Colère au Quai d’Orsay où, ce 2 juin, les syndicats ont protesté contre un décret signant la suppression du corps diplomatique. L’élection présidentielle passée et une réélection plus tard, la décision ne passe pas dans la profession et les syndicats se mettent en grève. Fait rare au ministère des Affaires étrangères pour qui c’est le second mouvement social connu. Hedi Picquart, ancien ambassadeur de France, nous fait part de ses impressions.
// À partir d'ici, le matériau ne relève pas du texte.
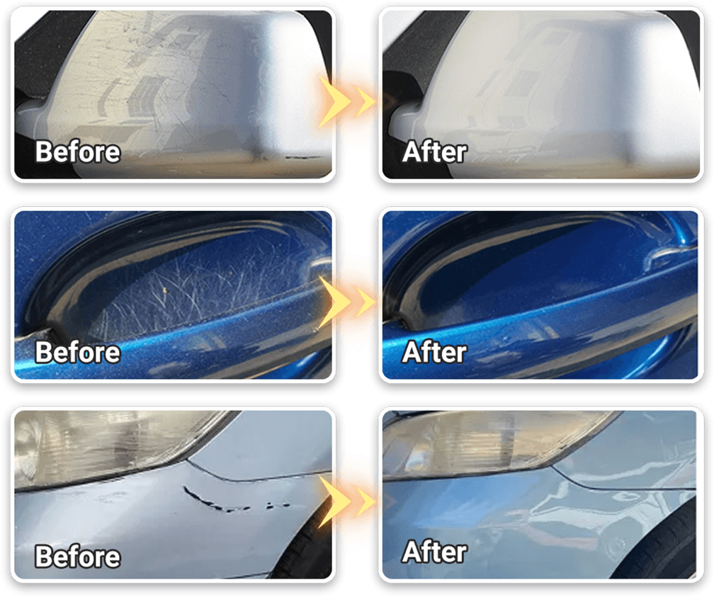 Il élimine non seulement les rayures et les tourbillons, mais il traite également l'oxydation et redonne à votre peinture un éclat brillant. Sans produit de remplissage ni besoin d'eau, il offre une réparation simple et rapide, quel que soit le design ou la couleur de votre voiture.

Lorsque l’on lui demande si, encore en activité il aurait fait grève, Hedi Picquart répond d’un oui affirmatif mais nuance ses propos et en explique les raisons. « Tous ces gens-là qui ont commencé même comme vice-consul, ils ont appris à vivre dans des postes en tension. » Il est bien placé pour en parler tant il en a vu au cours de sa carrière. En 1990, nommé représentant français en Arabie saoudite lorsque le Koweït est envahi par l’armée de Saddam Hussein, il se retrouve au milieu d’un conflit mondial d’envergure. Il a aussi vécu la révolution égyptienne (« Printemps arabe ») de 2011. Mais c’est sans doute 2013 qui l’aura le plus marqué. Il a échappé de justesse à l’attentat contre l’ambassade de France en Libye, où il était alors en poste. « Je me demande encore comment mon épouse et moi nous en sommes sortis avec des égratignures. » Les auteurs de l’attentat avaient placé une bombe à proximité de l’ambassade, tôt le matin. Par-delà les commentaires que l’on entend aujourd’hui sur la réforme Macron et le décret qui signe la disparition du corps diplomatique, il apporte quelques nuances. « On peut être préfet, et devenir ambassadeur », dit-il. Après avoir terminé sa mission à Trinité-et-Tobago, son dernier poste en tant qu’ambassadeur de France, Hedi Picquart a terminé sa carrière en étant conseiller diplomatique du préfet de la région Bourgogne-Franche-Comté. « Cela s’est fait, cela s’est toujours fait mais pas d’une manière massive où l’on oblige à cette mobilité » affirme-t-il. Pour lui, en tout cas, un diplomate ne doit pas terminer comme « simple administrateur ». « Tous les présidents ont déjà nommé des proches dans de hautes fonctions, dit-il. Il ne s’agit pas de ça. Être ambassadeur nécessite un certain nombre de qualités. C’est un métier de chaque instant. » Hedi se remémore les nombreuses heures tête baissée dans ses livres, les différents concours, surtout de langues. Il faut avoir l’envie d’apprendre et la curiosité de toujours apprendre. L’incident diplomatique est vite arrivé. Devenir ambassadeur est une vocation. « Des jeunes espèrent le devenir. » Pour lui, « le décret paru il y a quelques semaines n’est pas très clair, Macron discute encore ». Il aime à répéter que « le métier d’ambassadeur, c’est le métier d’une vie ». Et il justifie : « Si on était en période tendue, j’aurais fait grève mais en restant à mon poste de travail. » Être au devoir de la population que l’on représente. Toujours.